Не заметив ничего необычного, он еще раз крутанул мечи, бессознательно демонстрируя свое искусство, а затем убрал их в золоченые ножны, украшенные ониксом, которые висели у изголовья кровати. Его дыхание участилось, мышцы горели, а сердце выбивало такую дробь о грудную клетку, как будто Люций изнемогал от усталости после тренировочного поединка с самим примархом.
Ощущение доставило ему удивительное наслаждение, но рассеялось так же быстро, как и возникло.

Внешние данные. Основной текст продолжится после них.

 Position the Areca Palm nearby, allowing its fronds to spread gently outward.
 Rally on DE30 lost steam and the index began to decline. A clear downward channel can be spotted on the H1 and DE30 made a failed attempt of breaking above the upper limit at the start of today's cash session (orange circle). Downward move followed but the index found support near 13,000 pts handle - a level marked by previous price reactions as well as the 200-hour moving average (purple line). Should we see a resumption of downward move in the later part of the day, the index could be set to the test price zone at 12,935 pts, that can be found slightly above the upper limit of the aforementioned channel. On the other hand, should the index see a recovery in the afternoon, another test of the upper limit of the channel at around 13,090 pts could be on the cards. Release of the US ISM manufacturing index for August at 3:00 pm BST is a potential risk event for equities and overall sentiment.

Как и всегда бывало в подобных случаях, радость сменилась горьким разочарованием. Он поднял руку, прикоснулся к своему лицу. Твердые шрамы, крест-накрест пересекавшие некогда безупречные черты, вызвали у него одновременно облегчение и отвращение. Он сам изуродовал свою внешность кинжалом и стеклом, но первым удар нанес Локен. Люций на серебристом лезвии меча своего примарха дал страшную клятву так же обезобразить лицо Лунного Волка, но Локен погиб, обратившись в пепел на руинах мертвого мира.
Меч с серебристым лезвием подарил ему примарх Фулгрим, когда звезда Люция взошла и засияла, не уступая блеску Юлия Каэсорона и Мария Вайросеана. Тогда же первый капитан предложил ему другое помещение, расположенное ближе к бьющемуся сердцу легиона, но Люций предпочел остаться в давным-давно отведенной ему комнате.
По правде говоря, он с презрением относился к Каэсорону, и отказ, вызвавший в глазах капитана огонь негодования, доставил ему мгновенное наслаждение. Даже теперь он с удовольствием вспоминал тот момент и гнев Каэсорона.
Он не желал становиться частью командной структуры; он и сейчас хотел только одного: оттачивать свое и без того непревзойденное искусство владения мечом и достигать новых вершин совершенства. Кое-кто из воинов легиона отказался от этого стремления, как от напоминания о временах, когда их можно было считать имперскими декоративными собачками. К чему теперь доказывать Императору свое совершенство?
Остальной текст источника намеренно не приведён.